# Aim of the exercise:
Each entry has to be given again in its exact wording, and no picture may appear in the result.

# The data:
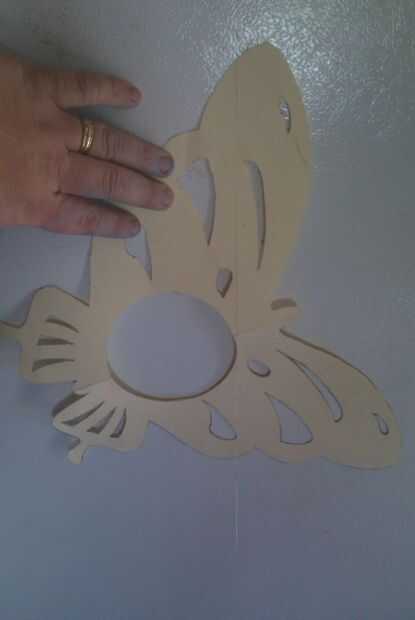 Lo primero que quieres hacer es sacar la mitad de su patrón en una vieja carpeta de archivo de manila.  Asegúrese de que hacer el patrón de abajo donde dobla así que cuando se despliegan tienen la mariposa completa.  (Piense en copo de nieve de cuando estabas en el jardín de la infancia) Luego recórtalo. Una vez que se despliegan tendrá su patrón completo.  Asegúrese de hacer un agujero gigante en el centro de la luz.  He utilizado cristal de un McDonalds.
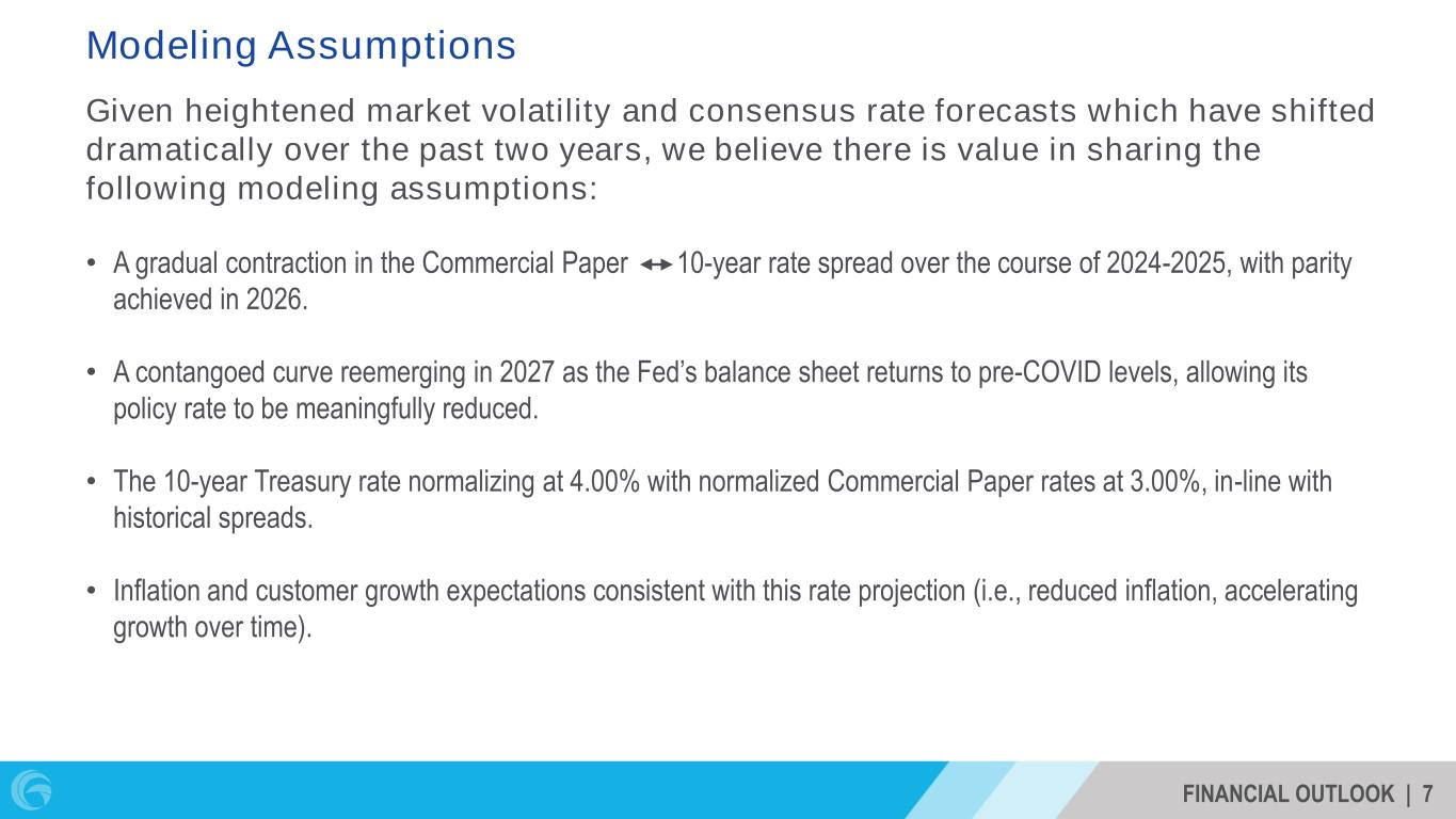 FINANCIAL OUTLOOK | 7 Modeling Assumptions • A gradual contraction in the Commercial Paper 10-year rate spread over the course of 2024-2025, with parity achieved in 2026. • A contangoed curve reemerging in 2027 as the Fed’s balance sheet returns to pre-COVID levels, allowing its policy rate to be meaningfully reduced. • The 10-year Treasury rate normalizing at 4.00% with normalized Commercial Paper rates at 3.00%, in-line with historical spreads. • Inflation and customer growth expectations consistent with this rate projection (i.e., reduced inflation, accelerating growth over time). Given heightened market volatility and consensus rate forecasts which have shifted dramatically over the past two years, we believe there is value in sharing the following modeling assumptions:
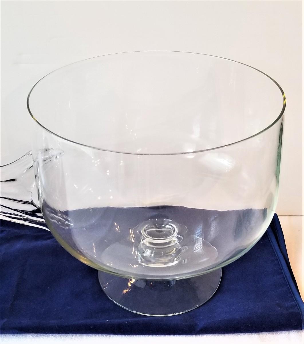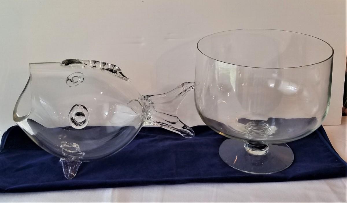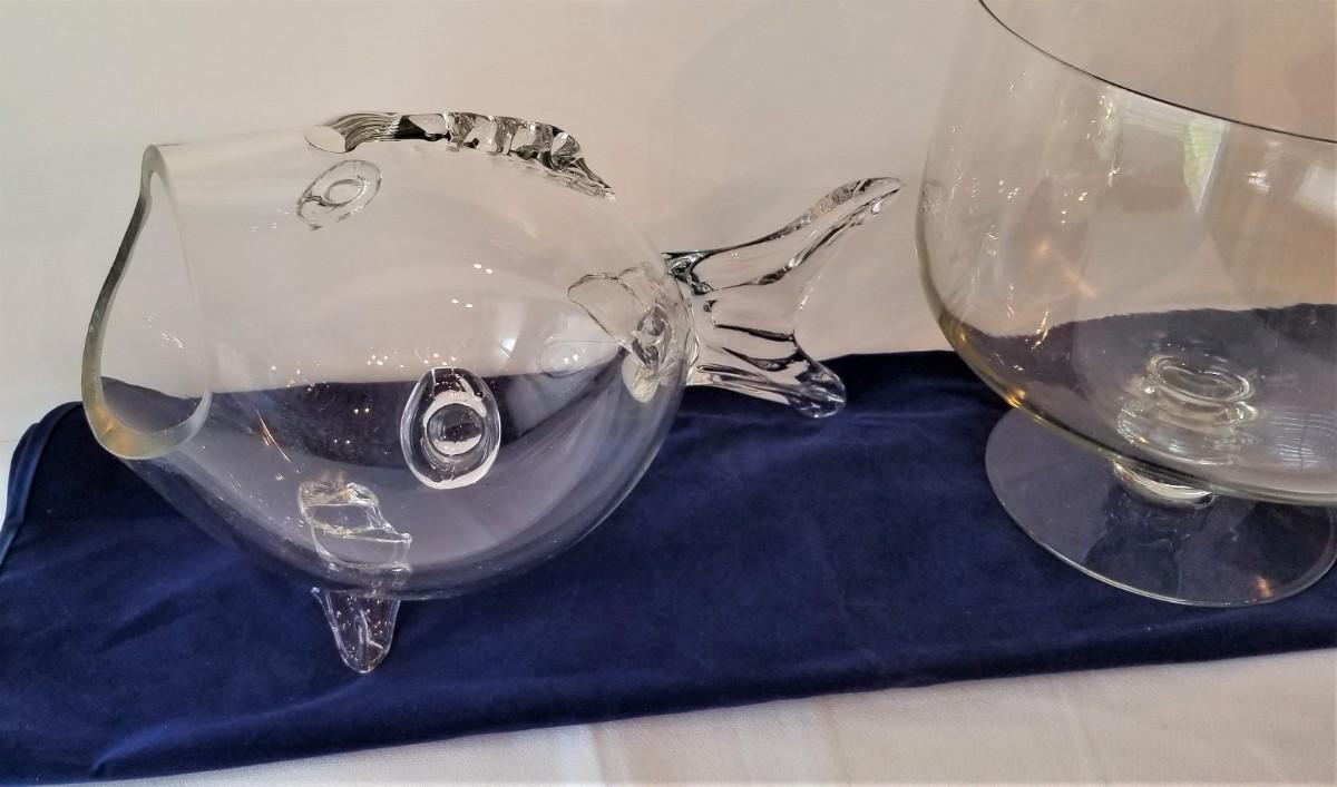 Two versatile pieces of crystal - Trifle Bowl and figural fish Bowl. Both in good condition. Trifle is 9: across and 9" tall, Fish Bowl is 14" long.
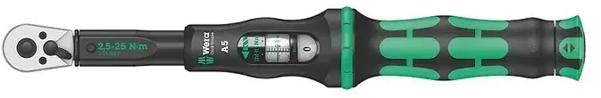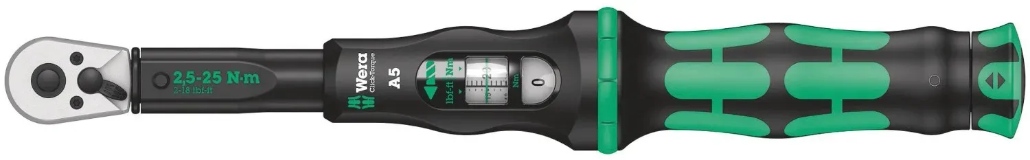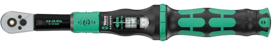 Kategorie: Schraubenschlüssel - WERA - GTIN:4013288233653 - WERA Drehmomentschlüssel 2,5-25 Nm Click-Torque A 6 | R/L Klick-Drehmomentschlüssel für kontrollierten Rechts- und Linksanzug im unverkennbaren Wera Design. Mit durchgehender Außensechskant-Aufnahme für 1/4' Bits (Bits können von beiden Seiten des Drehmomentschlüssels eingesetzt werden). Die Drehmomentfunktion kann deaktiviert werden (Torque Lock Funktion), sodass das Werkzeug auch zum Lösen verwendet werden kann. Die Ratsche löst die wichtigsten Schraubprobleme rund ums Fahrrad bei zuverlässiger Kontrolle der aufgebrachten Drehmomente zum Schutz der sensiblen Bauteile. Sehr robuste Ausführung bei hoher Genauigkeit gemäß DIN EN ISO 6789-1:2017-07. Das hör- und fühlbare Einrasten bei Erreichen der Skalenwerte erleichtert zusätzlich die sichere Einstellung des gewünschten Drehmomentwertes. Serie Click-Torque Drehmomentschlüssel Mit Klick-Drehmomentschlüssel im unverkennbaren Wera Design. Torque Lock Funktion Die Drehmomentfunktion kann deaktiviert werden, sodass das Werkzeug auch zum Lösen verwendet werden kann. Genau Die Präzision liegt bei 4 % gemäß DIN EN ISO 6789-1:2017-07. Einfach und sicher Leichte Einstellung und Sicherung des gewünschten Drehmomentwertes; ablesbar auf Haupt- und Feinskala. Einfache Einstellung Mit hör- und fühlbarem Einrasten bei Erreichen der Skalenwerte. Auslösemechanismus Bei Erreichen des eingestellten Drehmomentwerts löst ein hör- und fühlbarer Mechanismus aus. Robuste Modelle Sehr ... Dieses Kombi-Set aus Click-Torque C 3 und A 6 ist eine Premium-Option für professionelle Anwender, die eine breite Abdeckung benötigen. ![]() ![]()
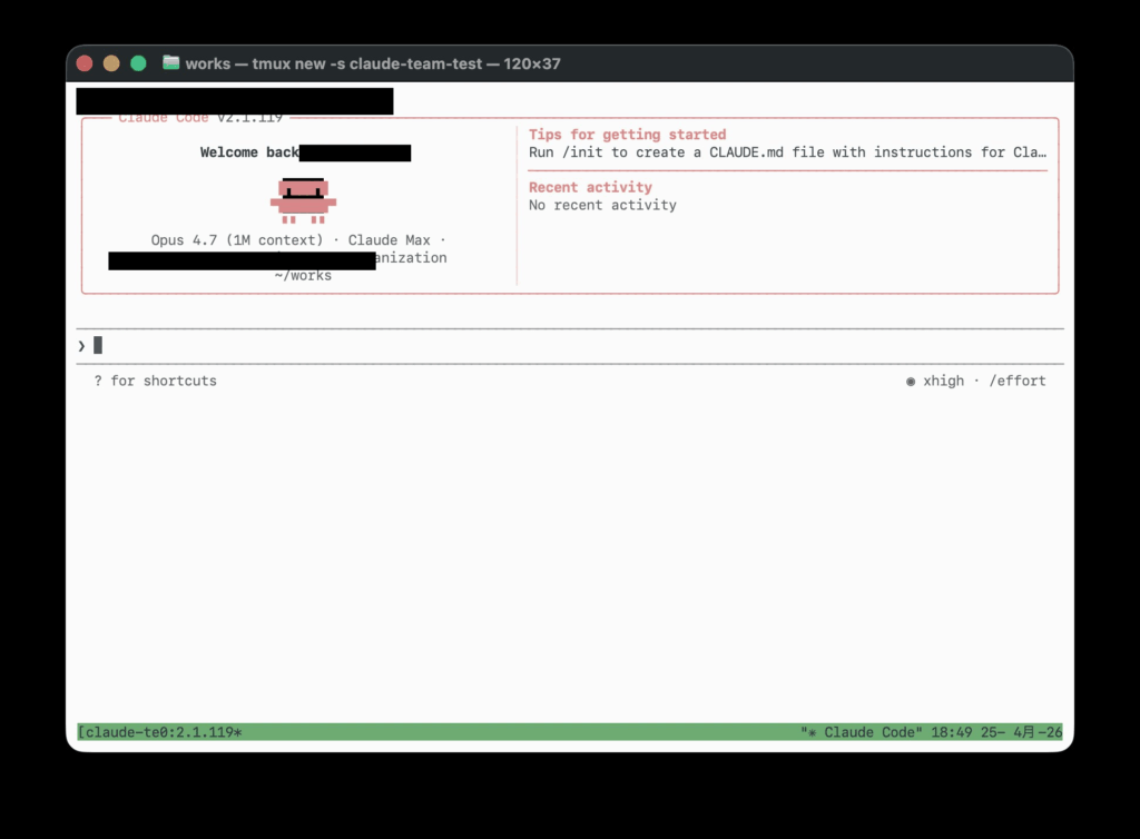 tmux 内で Claude Code が起動した状態がこちら。画面下部の緑色のステータスバー([claude-team-test])で tmux セッション内であることが分かります。
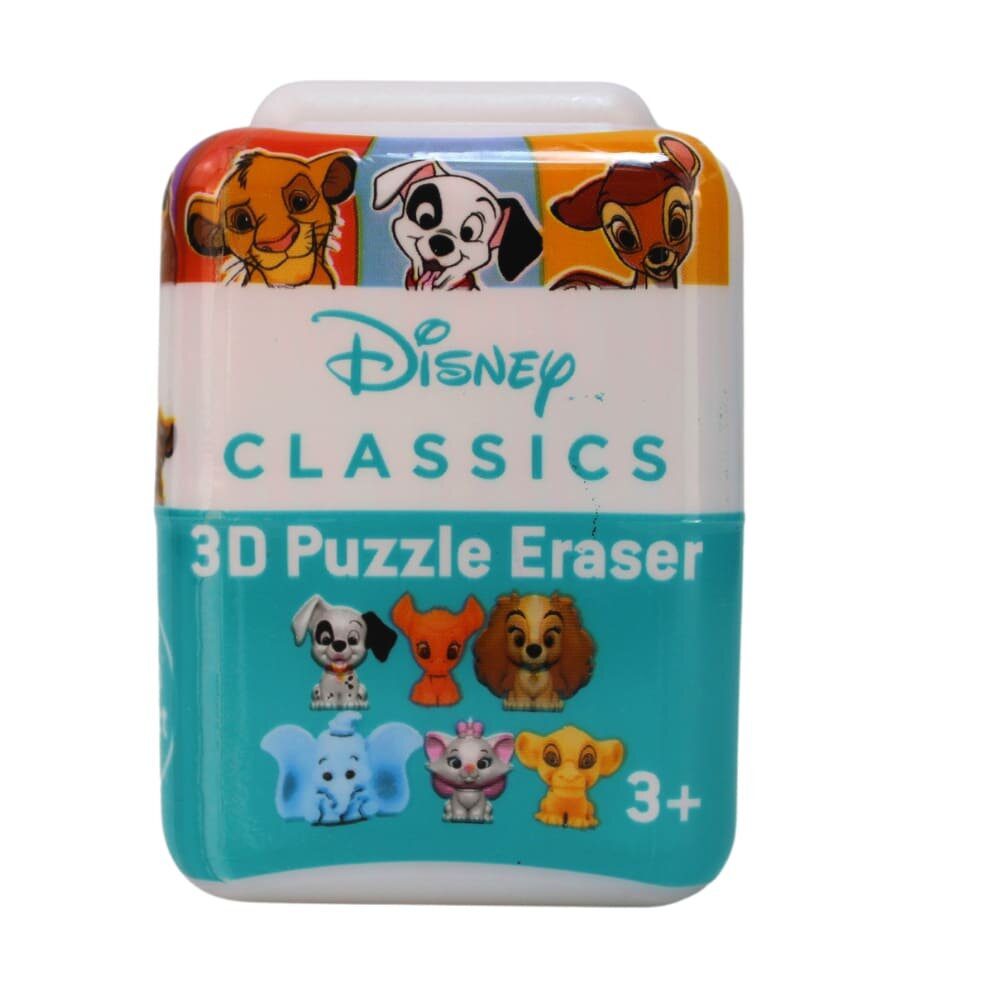 Tus personajes favoritos de Disney Classic se han convertido en lindos borradores 3D! Una vez que abras el bote y descubras cuál tienes, construye el borrador Disney a partir de las piezas del rompecabezas y agrégalo a tu estuche como si fuera una goma nueva, seguro que impresionarás a todos tus amigos.
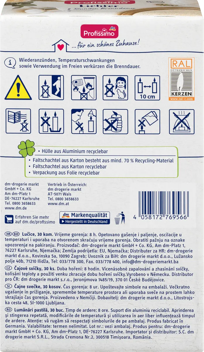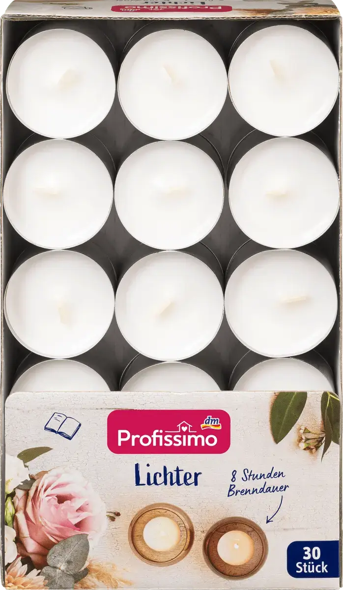 Эти чайные свечи от Profissimo в плоской коробке на 30 особенно набирают популярность благодаря минимальному времени горения 8 часов. Это означает, что у вас будет вдвое больше времени горения по сравнению с обычными чайными свечами — 4 часа. Чайные свечи горят равномерно и надежно и заключены в алюминиевый колпачок.
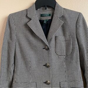 Ralph Lauren Size 4P 100% Wool Black and Cream Houndstooth Blazer Career Work
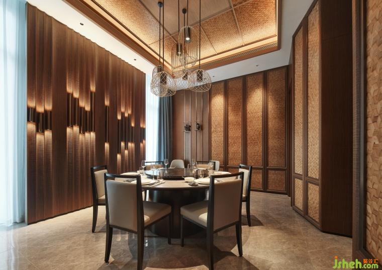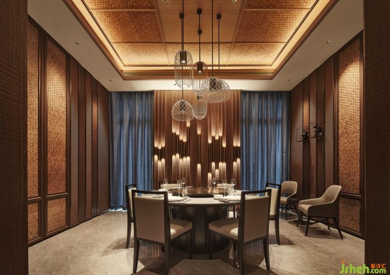 餐厅设计墙面巧妙融合了藤编与木雕技艺,配以仿藤编金属网装饰内置木雕艺术作品,既彰显了客庄铁道文化与木雕艺术的独特魅力,又凸显了客家人宴客时的精致与考究。

# Response area:
 Lo primero que quieres hacer es sacar la mitad de su patrón en una vieja carpeta de archivo de manila.  Asegúrese de que hacer el patrón de abajo donde dobla así que cuando se despliegan tienen la mariposa completa.  (Piense en copo de nieve de cuando estabas en el jardín de la infancia) Luego recórtalo. Una vez que se despliegan tendrá su patrón completo.  Asegúrese de hacer un agujero gigante en el centro de la luz.  He utilizado cristal de un McDonalds.
 FINANCIAL OUTLOOK | 7 Modeling Assumptions • A gradual contraction in the Commercial Paper 10-year rate spread over the course of 2024-2025, with parity achieved in 2026. • A contangoed curve reemerging in 2027 as the Fed’s balance sheet returns to pre-COVID levels, allowing its policy rate to be meaningfully reduced. • The 10-year Treasury rate normalizing at 4.00% with normalized Commercial Paper rates at 3.00%, in-line with historical spreads. • Inflation and customer growth expectations consistent with this rate projection (i.e., reduced inflation, accelerating growth over time). Given heightened market volatility and consensus rate forecasts which have shifted dramatically over the past two years, we believe there is value in sharing the following modeling assumptions:
 Two versatile pieces of crystal - Trifle Bowl and figural fish Bowl. Both in good condition. Trifle is 9: across and 9" tall, Fish Bowl is 14" long.
 Kategorie: Schraubenschlüssel - WERA - GTIN:4013288233653 - WERA Drehmomentschlüssel 2,5-25 Nm Click-Torque A 6 | R/L Klick-Drehmomentschlüssel für kontrollierten Rechts- und Linksanzug im unverkennbaren Wera Design. Mit durchgehender Außensechskant-Aufnahme für 1/4' Bits (Bits können von beiden Seiten des Drehmomentschlüssels eingesetzt werden). Die Drehmomentfunktion kann deaktiviert werden (Torque Lock Funktion), sodass das Werkzeug auch zum Lösen verwendet werden kann. Die Ratsche löst die wichtigsten Schraubprobleme rund ums Fahrrad bei zuverlässiger Kontrolle der aufgebrachten Drehmomente zum Schutz der sensiblen Bauteile. Sehr robuste Ausführung bei hoher Genauigkeit gemäß DIN EN ISO 6789-1:2017-07. Das hör- und fühlbare Einrasten bei Erreichen der Skalenwerte erleichtert zusätzlich die sichere Einstellung des gewünschten Drehmomentwertes. Serie Click-Torque Drehmomentschlüssel Mit Klick-Drehmomentschlüssel im unverkennbaren Wera Design. Torque Lock Funktion Die Drehmomentfunktion kann deaktiviert werden, sodass das Werkzeug auch zum Lösen verwendet werden kann. Genau Die Präzision liegt bei 4 % gemäß DIN EN ISO 6789-1:2017-07. Einfach und sicher Leichte Einstellung und Sicherung des gewünschten Drehmomentwertes; ablesbar auf Haupt- und Feinskala. Einfache Einstellung Mit hör- und fühlbarem Einrasten bei Erreichen der Skalenwerte. Auslösemechanismus Bei Erreichen des eingestellten Drehmomentwerts löst ein hör- und fühlbarer Mechanismus aus. Robuste Modelle Sehr ... Dieses Kombi-Set aus Click-Torque C 3 und A 6 ist eine Premium-Option für professionelle Anwender, die eine breite Abdeckung benötigen. ![]() ![]()
 tmux 内で Claude Code が起動した状態がこちら。画面下部の緑色のステータスバー([claude-team-test])で tmux セッション内であることが分かります。
 Tus personajes favoritos de Disney Classic se han convertido en lindos borradores 3D! Una vez que abras el bote y descubras cuál tienes, construye el borrador Disney a partir de las piezas del rompecabezas y agrégalo a tu estuche como si fuera una goma nueva, seguro que impresionarás a todos tus amigos.
 Эти чайные свечи от Profissimo в плоской коробке на 30 особенно набирают популярность благодаря минимальному времени горения 8 часов. Это означает, что у вас будет вдвое больше времени горения по сравнению с обычными чайными свечами — 4 часа. Чайные свечи горят равномерно и надежно и заключены в алюминиевый колпачок.
 Ralph Lauren Size 4P 100% Wool Black and Cream Houndstooth Blazer Career Work
 餐厅设计墙面巧妙融合了藤编与木雕技艺,配以仿藤编金属网装饰内置木雕艺术作品,既彰显了客庄铁道文化与木雕艺术的独特魅力,又凸显了客家人宴客时的精致与考究。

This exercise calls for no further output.